TWENTY-FOUR hours later, the caprice of fate had sharpened the point of our wager. I, too, was flung into the vortex of the automobile murder, which the developments of the day had swollen from an impulsive midnight-shooting to one of the great cases of the year. My retention was one of those semi-official employments of my career, in a measure in the police confidence, and yet at liberty to pursue my investigations from an independent angle, a free lance as it were. And I will confess a task thoroughly to my liking.

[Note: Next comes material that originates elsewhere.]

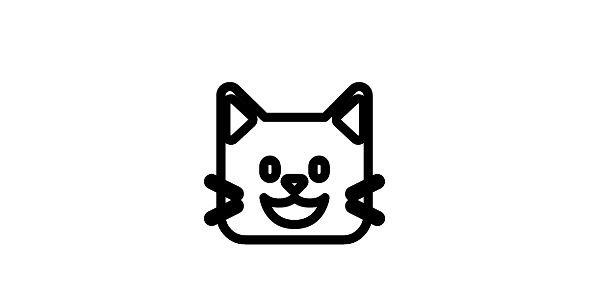 The cat-face icon represents a feline expression or emotion, symbolizing playfulness and curiosity.

       The day's progress had been of a negative rather than a positive character. The missing "Mr. Dove" had vanished as completely as though the earth had swallowed him. From the moment that he had stepped into the rented automobile before the doors of the brilliantly lighted Auditorium Hotel, to be whirled on his midnight mission out the lonely country highway of Northeastern Illinois, he had apparently dropped from the sight of men.

       There remained behind him the blood-stained motor car, the dead chauffeur — and nothing else. The body of the murdered man had been duly placed in the care of an undertaking establishment, the police cry had shrilled nation-wide on the trail of his vanished passenger — and the car, the scene of the crime, had been left undisturbed. It was to the car that I first turned my attention.

 
IT was a five-passenger machine of a pattern which eight years of automobile improvements have rendered obsolete. The ominous blood trail of the tragedy was dried in dull red splotches on the cushions and sides. A crimson circle on the front seat showed where the victim had sat when he met his death. Apparently it had come on him swiftly, relentlessly with the suddenness of an unexpected ambush in the dark.

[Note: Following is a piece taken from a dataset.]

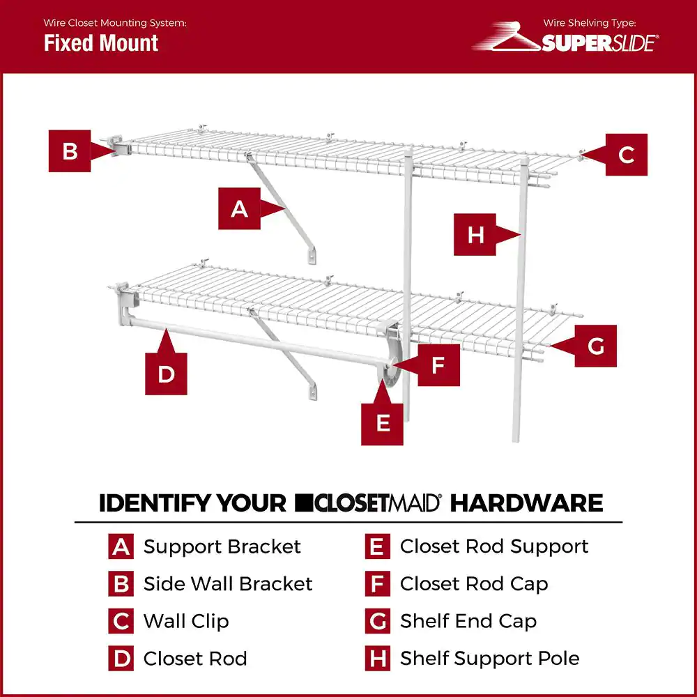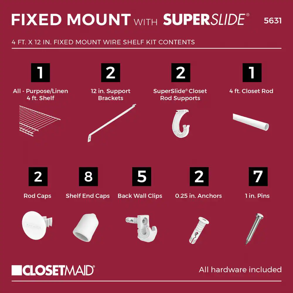 ClosetMaid SuperSlide 48 in. W x 12 in. D White Steel Wire Closet Shelf with Closet Rod

       And then as I raised my eyes and stepped farther along the side of the car, I saw a second stain. The rear seat was also splotched with an irregular pool even deeper than that disfiguring the front seat!

       I climbed onto the steps and whipped out my magnifying glass. There could be no doubt that it also was blood. On a sudden impulse, I made my way to the front cushions, and sat down in as nearly as possible the same position occupied by the murdered chauffeur. Cautiously I turned my head around. The swift explanation that had flashed to me was correct. The blood spots in the death-car had come not from one person but from two! It was simply out of the question that the splotches on the rear seat could have oozed from the dead driver.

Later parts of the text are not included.